Composed primarily of drawings set up as marginally intersecting diptychs within each frame, the installation moves through modernism with such steamroller authority that references to Howard Pyle, Ad Reinhardt and David Hockney can coexist on the same wall without seeming to be mutually exclusive. Whether, in reality, these three would benefit from such proximity remains a moot point, but as indexed by Bartlett they are part of a very distinct lineage.

Relationships are juggled in the series for both emotional and compositional resonance. The introduction and removal of color are actions startling in their dramatic, emotive power. The garden is pulled apart, detail by detail, and reassembled. The more familiar we become with the topography, the more compelling and varied it seems. Aerial views, close-ups and middle-distance shots are included. The juxtapositions and editing of the images are almost cinematic. (I can’t remember an exhibition where Eisensteinian montage played such an important part.)

When Bartlett’s renderings of the pool are at their loveliest, and most traditional, she removes a zigzag piece of hedge, rudely interrupting the perfect boxwood frame. When the mannequin pis has been clearly established as a poolside ornament, Bartlett commences a suite of figure drawings in which the figure—alternately male and female—both cups and manipulates its sex.

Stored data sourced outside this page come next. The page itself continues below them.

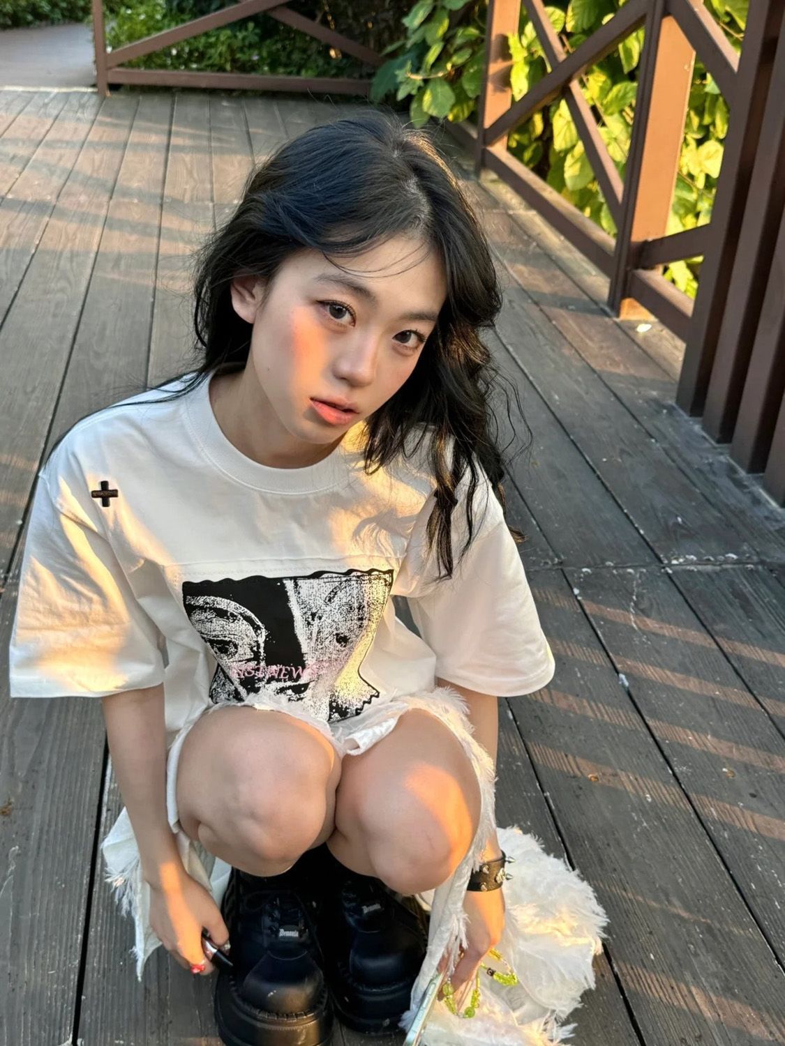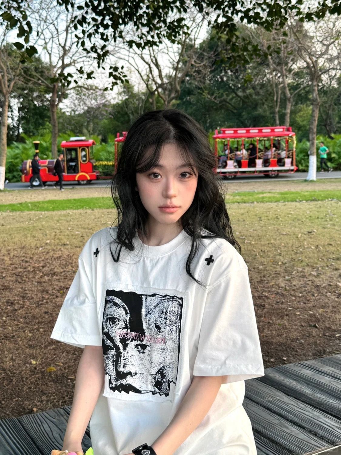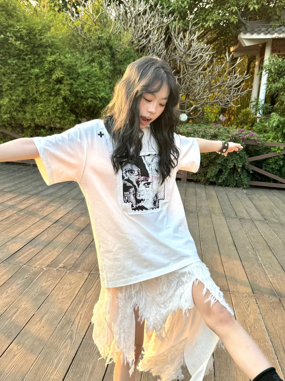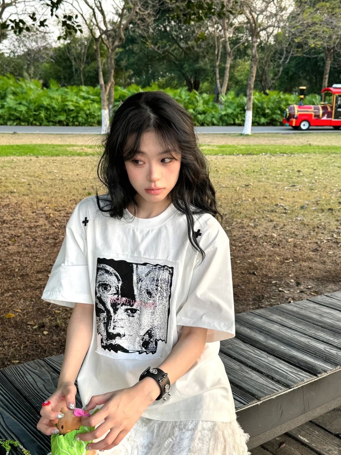 아메리칸 스타일 화이트 패치 워크 반팔 티셔츠 여성 여름 여름 새로운 무거운 무게 압착 느슨한 슬리밍 반소매 탑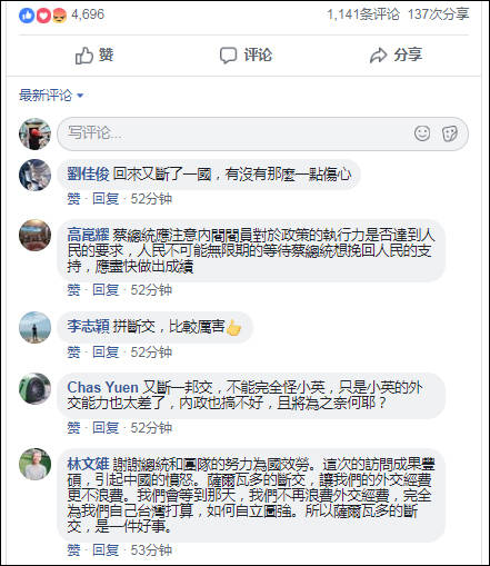 台灣叕失去一個“友邦” 蔡小姐社交媒體下面現在是個什麼場景?_風聞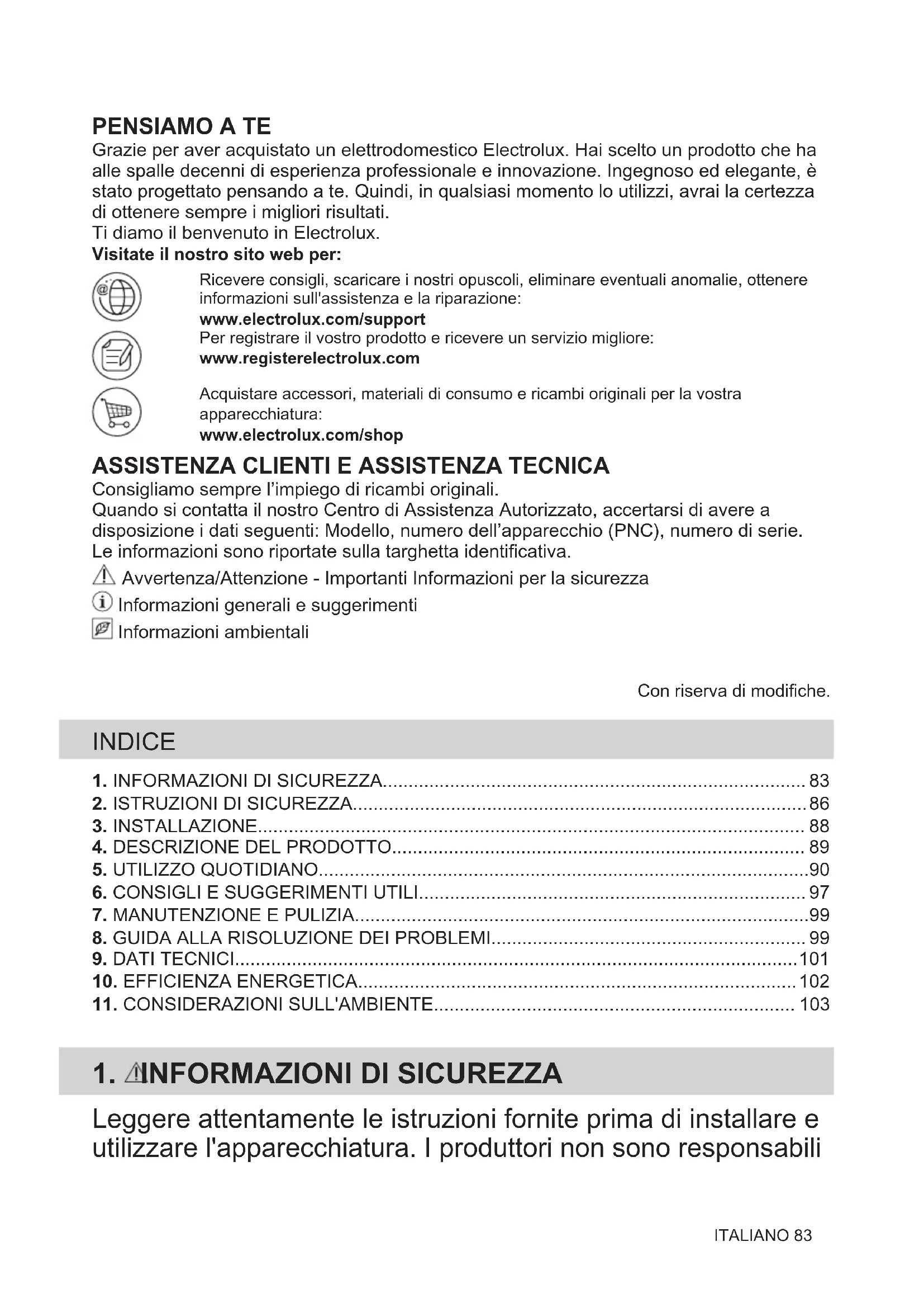 Grazie per aver acquistato un elettrodomestico Electrolux. Hai scelto un prodotto che ha alle spalle decenni di esperienza professionale e innovazione. Ingegnoso ed elegante, è stato progettato pensando a te. Quindi, in qualsiasi momento lo utilizzi, avrai la certezza di ottenere sempre i migliori risultati. Ti diamo il benvenuto in Electrolux. Visitate il nostro sito web per:Ricevere consigli, scaricare i nostri opuscoli, eliminare eventuali anomalie, ottenereinformazioni sull'assistenza e la riparazione:www.electrolux.com/supportPer registrare il vostro prodotto e ricevere un servizio migliore:www.registerelectrolux.comAcquistare accessori, materiali di consumo e ricambi originali per la vostraapparecchiatura:www.electrolux.com/shop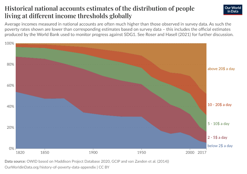 Joe Hasell (2019) - “Data appendix – The fight against global poverty: 200 years of progress and still a very long way to go” Published online at OurWorldinData.org. Retrieved from: 'https://pop-growth-BCE.owid.pages.dev:8789/20260128-140124/history-of-poverty-data-appendix.html' [Online Resource] (archived on January 28, 2026).BibTeX citation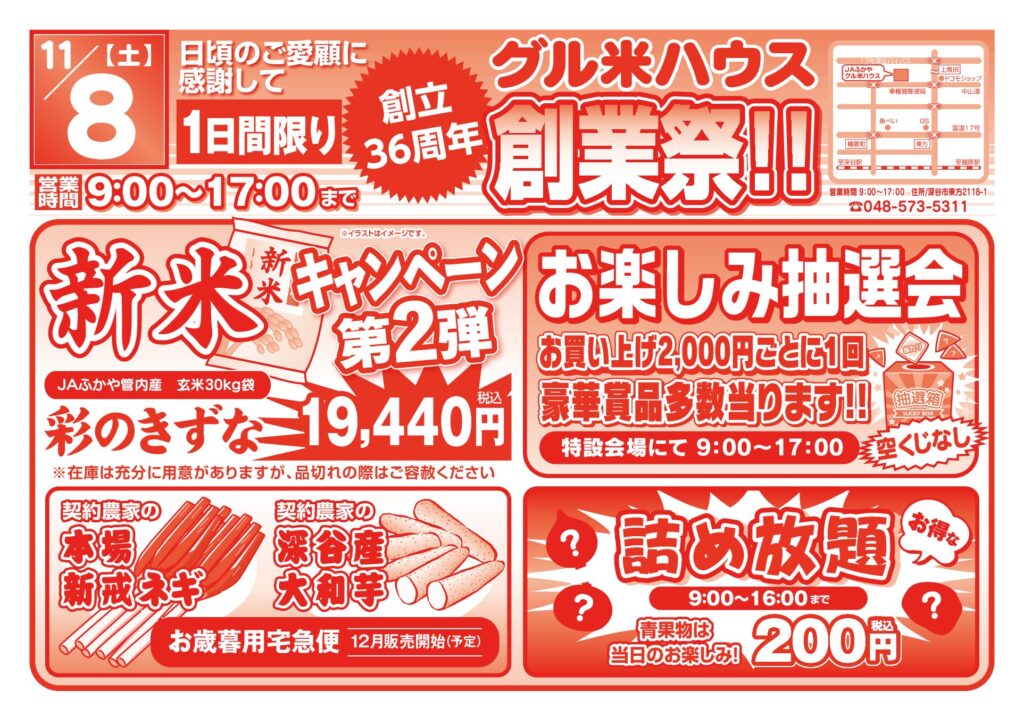 | 11月上旬 | 創業祭 日頃の感謝をこめて、農産物大特価販売!! |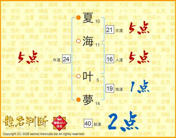 夏(10画)海(11画) 叶(5画)夢(14画)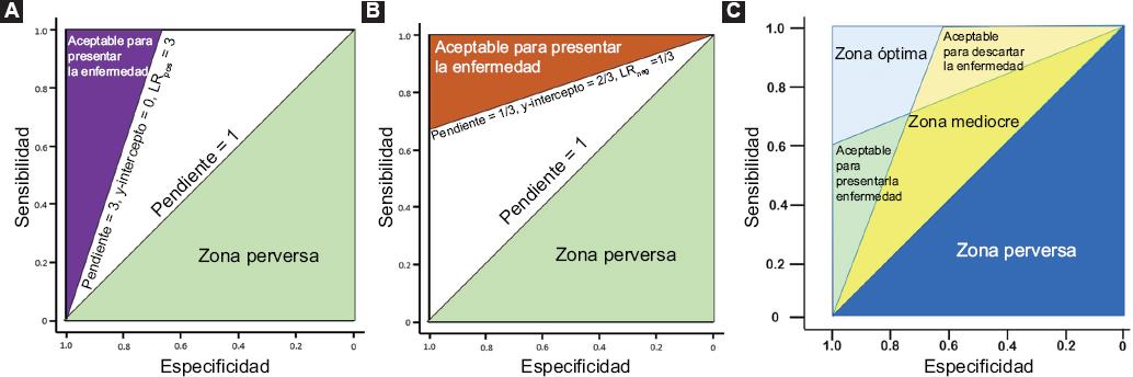 Figura 2 Gráficas de ROC con las tres líneas de razón de verosimilitud constante que componen las zonas del gráfico de zombie. A: línea de identidad con una pendiente de 1; el área debajo de esta línea se ha denominado “zona perversa”; el área por encima de la línea, donde la pendiente es 3, proporciona un rendimiento aceptable de presentar la enfermedad. B: la zona perversa está debajo de la línea donde la pendiente es 1; el área por encima de la línea, donde la pendiente es de 1/3 proporciona un rendimiento aceptable para descartar enfermedades. C: el gráfico de ROC muestra las cinco zonas del gráfico de zombie (zonas de mayor eficacia de imagen deficiente). El área en forma de bumerán, integrada por zonas azul, verde y naranja, establece la zona de eficacia aceptable.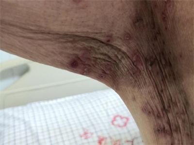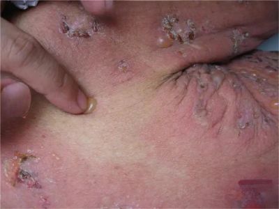 IgA天疱疮患者腋窝的皮肤有很多形状不规则的红斑,在红斑基础上有几个水疱和红褐色的痂皮,患者自觉瘙痒明显,无全身症状。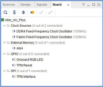 Click the Board tab. The default peripherals available for the Aller _AU_Plus board will be displayed.
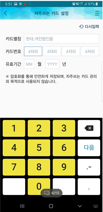 6) 카드별칭 카드번호 유효기간 입력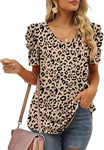 Floral Tops for Women Puff Sleeve V Neck T Shirts Casual Dressy Loose Fitting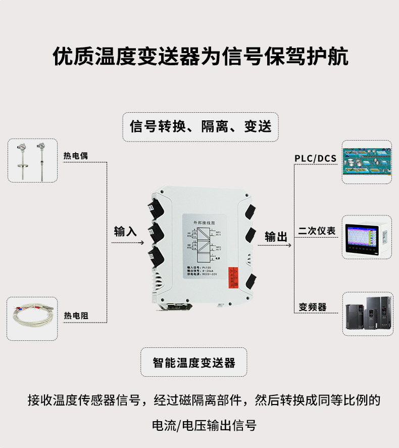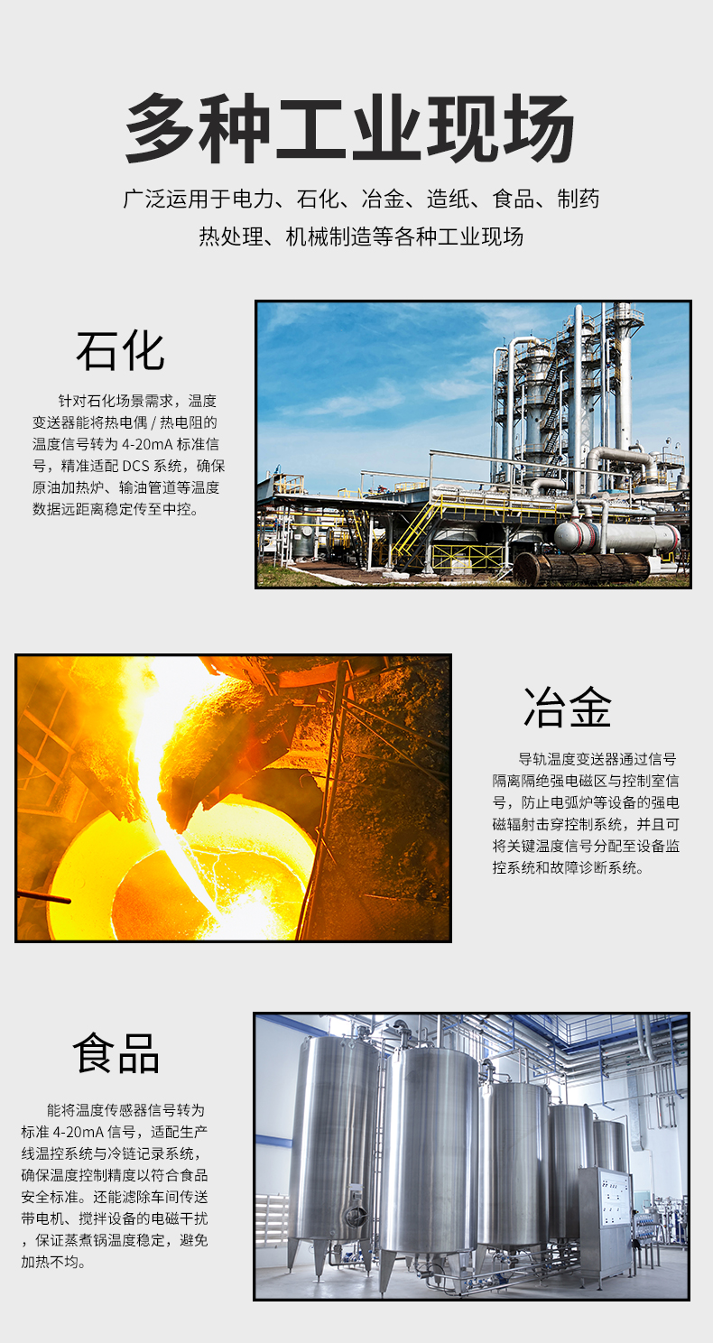 虹潤公司是專業生產溫度變送器的國家專精特新“小巨人”企業。生產的溫度變送器,具有采用磁隔離技術,配套編程器可修改參數,抗干擾能力強,穩定性好,帶RS485或HART通訊等特點。該產品不僅通過HART基金會認證、德國萊茵 CE 認證與 SIL 功能安全認證,還獲得具備減震抗干擾能力的溫度變送器、信號隔離器、一種二端子模塊、無源信號隔離器等4項國家發明專利,主持起草物聯網智能溫度儀表、現場設備工具(FDT)接口規范、工業過程測量和控制系統用溫度變送器等3項國家標準,以及通信系統多通道數據采集控制終端規范軍用標準,參與國際5G標準制定,取得溫度變送器等5項相關軟件著作權。產品廣泛應用于石油、電力、化工,冶金、制藥、紡織、橡膠制造等工業領域現場自動化測溫過程。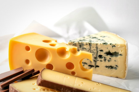 A close-up shot of various cheeses, including Swiss and blue cheese, alongside dark chocolate pieces on a white background.

Like the hermaphroditic Semi Dio in Fellini’s Satyricon, gender is not the point, but its associative powers are.

At a moment when there is so much molelike scrimmaging going on in American art, when the trendsetters are sprinting through brand-name genres as if in a relay race (Oh my God, Punk just stumbled; look sharp, Decorative is dropping back; New Wave and New Image are neck and neck), it is reassuring to encounter an artist who is willing to take some time, to slow down and recollect. Bartlett’s “In the Garden” is a healthy response to the insidious, self-serving malaise of “gentrification.”